# 034 Motorsport/Exhaust



## URSledgehammer (Oct 3, 2008)

I finally found a 95 S6 that I squeezed the trigger on. Pics to come. Just wanted to know if anyone is running 034's exhaust? Every thing I read say go Stromung. Where can I find strut tower braces and a rear sway bar kit?

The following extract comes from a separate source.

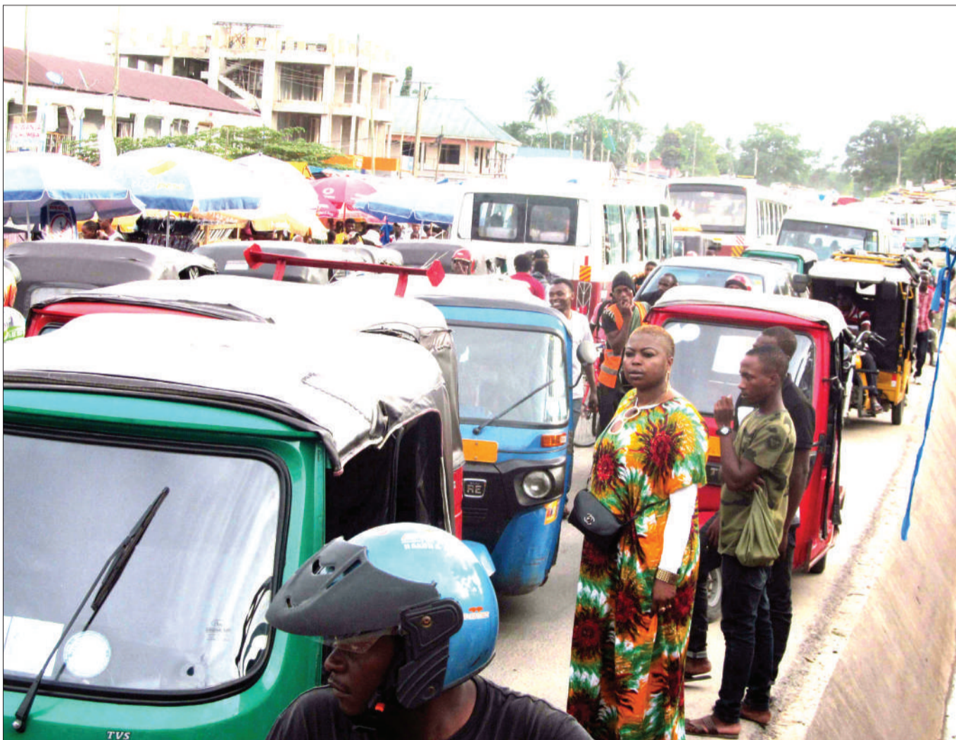
Wakazi wa Jiji la Dar es Salaam, wakijiandaa kuvuka barabara, huku bajaj 'zikitanua', pembeni na kusababisha foleni isiyo ya lazima na usumbufu kwa waenda kwa miguu katika eneo la Mbezi Mwisho, juzi.

"Mlangoni kabla ya kupanda basi kuna kifaa kwa ajili ya kunawa, tumeweka maji yenye tiba, hii ni moja ya tahadhari," alisema.

_Modified by URSledgehammer at 11:48 AM 1-1-2009_


----------



## URSledgehammer (Oct 3, 2008)

*Re: 034 Motorsport/Exhaust (URSledgehammer)*

No one running this exhaust? Maybe I will be the first?


----------



## yodasfro (Oct 2, 2004)

*Re: 034 Motorsport/Exhaust (URSledgehammer)*

http://www.audizine.com/forum/...53050


----------



## URSledgehammer (Oct 3, 2008)

*Re: 034 Motorsport/Exhaust (yodasfro)*

Ordered mine today. Turbo back, with high flow cat, and dual tip muffler. I let you know my impressions. 
In the end I went this route on price. The newest Gen Stromung was close to $1700 from them directly, Tap1 had it for $1575. So I am saving nearly $200 going 034. Huge plus its all V-band connections. 
This is part of my maintenance since the exhaust was bad, and I still have some other things to sort. 
Eric


----------



## URSledgehammer (Oct 3, 2008)

*Re: 034 Motorsport/Exhaust (URSledgehammer)*

I received the 034 3 inch exhaust turbo back in just 2 weeks. Outstanding, from Cali to the Dirt in JERZ along with construction of the pipes. Cheap shipping too. 
The exhaust looks good. It is loud as of day one. You loose the cross-member under the car and at the rear the exhaust hangs a little low. The muffler tips are a little oversized for my liking but does look correct. The V-band construction is rock solid, the welds are perfect. 
The sound is good, at idle and cruise 7.5 out of 10, at WOT 10 of 10. There is a constant drone at most speeds, which if I did it again I would buy the second muffler (eventually I will). Compared to the Stromung of the RS2'd URS4 I drove I like the more aggressive sound of 034, but the daily life I would choose a second muffler or Stromung. 
+'s- V-band constructing, a free'r flowing set up in appearance (less bends), a Nasty (good) sound at WOT, Price ($400 cheaper,$200 w/second muffler including shipping), availability, huge discount when buying turbo back, 034's customer service (Laszlo).
-'s- No hardware ie... gaskets and new bolts (available at an additional 
cost), slight drone, hangs slightly low at the rear section, you loose the crossmember under the car, I wish there was a 2.5 inch system,
After one day I would say I would buy this exhaust again. The second muffler IMO is a must (recurring theme huh?). I was on a very tight budget when buying this and could not wait for the extra cash (inspection due) In the coming days I imagine it will quiet down a bit and I will keep an update. If you are in the market for a full exhaust I say go for 034. I am a happy buyer. Get all the options and enjoy, order the gaskets from them Audi wants blood and gold for the pair. 
So through no fault of 034 UPS ended up bending the lip of one of the tips. I think I can tap it out though. 
Eric


_Modified by URSledgehammer at 7:25 PM 2-14-2009_


----------



## URSledgehammer (Oct 3, 2008)

*Re: 034 Motorsport/Exhaust (URSledgehammer)*

I since now have a nearly 1000 miles on the exhaust, and it has quieted down a bit. Still on the loud side but just barely. It is still a little boomy inside the cabin when the windows are up. It does not however interfere with a phone call or the radio. 
This has really been a good purchase for me. I would strongly recommend it to anyone who is in the market.


----------



## URSledgehammer (Oct 3, 2008)

*Re: 034 Motorsport/Exhaust (URSledgehammer)*

Ordered this little guy on Ebay. Hopefully this cures the drone.








Eric


----------



## Tnewc27 (Apr 5, 2005)

There Really should be a bit more action on this forum than there is. I truly like this format better than the old audiworld / Quattro (KAWF)


----------



## Tnewc27 (Apr 5, 2005)

*exhaust question.*

Did you replace your turbo when you replaced your exhaust, or did you just place on a Turbo back?







I have been debating if i should upgrade the turbo.


----------



## URSledgehammer (Oct 3, 2008)

*Re: exhaust question. (Tnewc27)*

Turbo back you save $500 on the pipe when bought together.


----------